Alguns modelos[editar | editar código-fonte]

C1-2946[editar | editar código-fonte]

Fabricado no ano de1990 e encerrado neste mesmo ano, era considerado uma divisão autoportante de serviços aeroportuários, com capacidade para 33 lugares. Foi exportado para os Estados Unidos e é propriedade do Myers Group, uma empresa de transportes com sede em Orlando, Flórida. Carregava contudo, a carroceria aerodinâmica do modelo CX40 desenhada por Miguel Pustillo como um presente da época.

CAMETAL Neoplan Megaliner[editar | editar código-fonte]

Produzido de 1980 a 1981 (um ano), germânico de dois andares. As barras deste modelo, estava acima do eixo de direção duplo.

As única boa característica confiável deste Double Decker era a proteção.

"Aerobus" (CX40)[editar | editar código-fonte]

Inspirado no avião, traseiro e frontal. O ônibus estava quase totalmente coberto e era difícil ficar dentro de casa porque o ar condicionado não estava funcionando direito. Gradualmente ou não, o aerobus saiu consideravelmente fora do caminho. Este veículo tinha a aerodinâmica de um avião, as janelas eram ajustadas e arredondadas, a boca dianteira abaixada e o interior idêntico ao de um avião: não havia cortinas comuns, mas as tampas e o eixo eram levantados vivos ou abaixados. Os pacotes são fechados, como um avião. No entanto, havia problemas de configuração que exigiam manutenção extensiva do veículo, e o sistema de ar-condicionado também era um alvo importante para os passageiros. Também havia elementos arredondados na parte traseira, que lembrava a traseira de um avião.

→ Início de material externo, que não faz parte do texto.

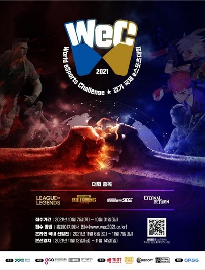 리그오브레전드, 배틀그라운드 등의 최강자를 가리는 '경기 국제 이(e)스포츠대회(World eSports Challenge)'가 12일 오전 10시 경기 광명시 U플래닛 아이백스 스튜디오에서 막을 올린다.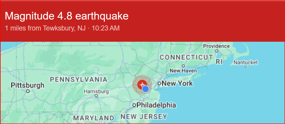 New Jersey just experienced a significant earthquake out of the Tewksbury/Lebanon area.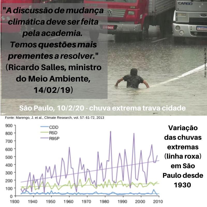 @mmeioambiente dizia que mudança climática era um tema "acadêmico", "para daqui a 500 anos". Hoje São Paulo parou por mais uma chuva extrema. Chuvas extremas mataram e destruíram neste verão em MG e no ES.pic.twitter.com/jYrWC3lUhh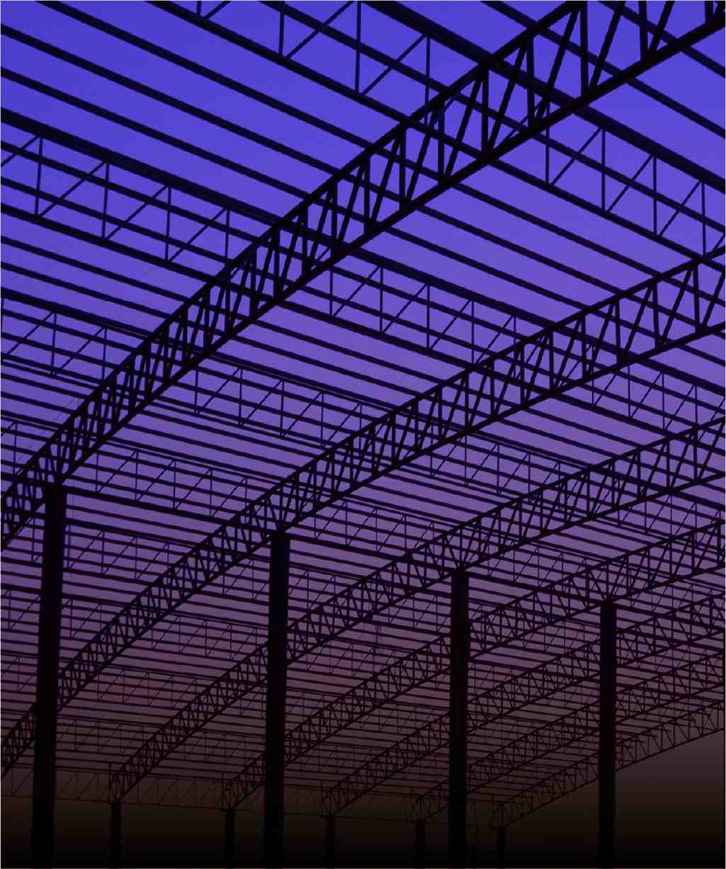 The frame is constructed by bolting the end plates of the connecting sections together. All steel sections and welded plate members are designed cohesively based on the latest international codes and standards, such as AISC, AISI, MBMA, and IS, to ensure compliance with all client specifications.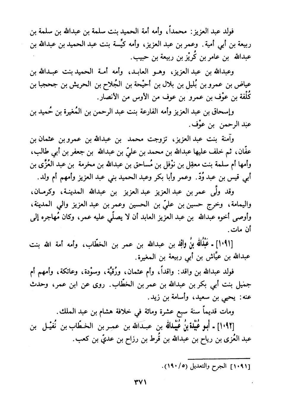 وعبد الله بن عبد العزيز. وهو العابد. وأمه أمة الحميد بنت عبد الله بن عياض بن عمرو بن بليل بن بلال بن أُحَيْحَةُ بْنِ الْجُلاحِ بْنِ الْحَرِيشِ بْنِ جَحْجَبَا بْنِ كُلْفَةَ بْنِ عَوْفِ بْنِ عَمْرِو بْنِ عوف من الأوس من الأنصار.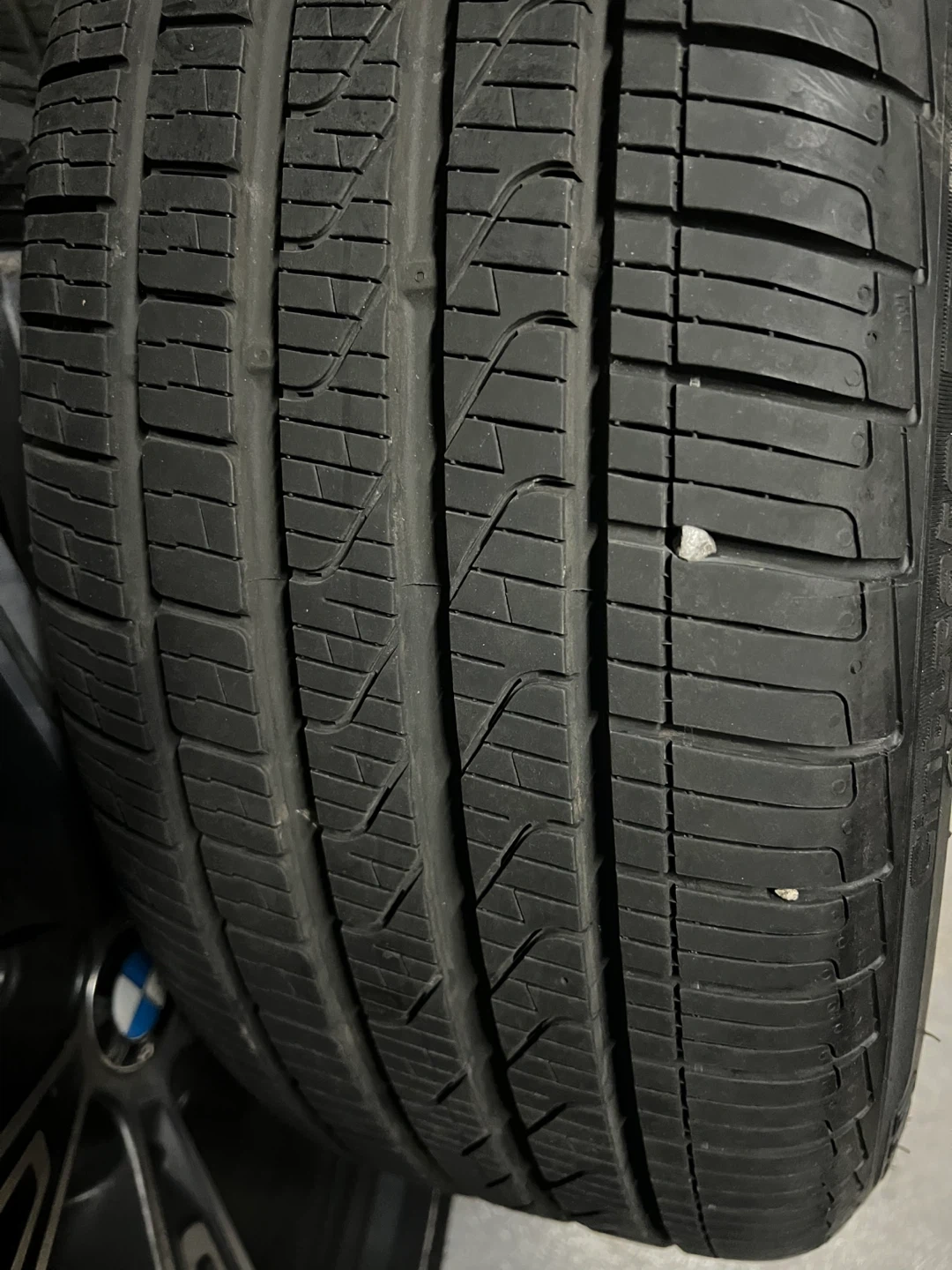 Set of four BMW rims with 3 all-season flat run tires (Pirelli Cin p7 225 40 19). Two tires were purchased summer of 2025 and were used less than 1000 kms. Third tire was lightly used for 4 seasons and still has very good tread.

Jumbus[editar | editar código-fonte]

L1-3970[editar | editar código-fonte]

O modelo rodoviário com capacidade para 46 passageiros foi fabricado em 1990 e encerrado no mesmo ano. Conexão por soldagem elétrica. Projeto de perfil exclusivo, executado em fábrica. Sistema autossustentável, sistema de tubos e componentes de vedação longa. Placa de papelão de aço exterior, placa com perfis de alumínio e PFRV com soldagem elétrica, vedação sólida. Usado para selar a vedação em massa. Isolamento termostático no uso de spray de poliuretano expandido na tampa, lateral, frontal e superior. Proteção anticorrosiva em desengorduramento de fosfatase e uso em sistemas inativos. Em seguida, zinco à tinta e anti-óxido são aplicados à tinta. Pintura serial, impressão e aplicação de garrafa antes do lixamento. Utiliza cores básicas, cortes, legendas e números de empresas.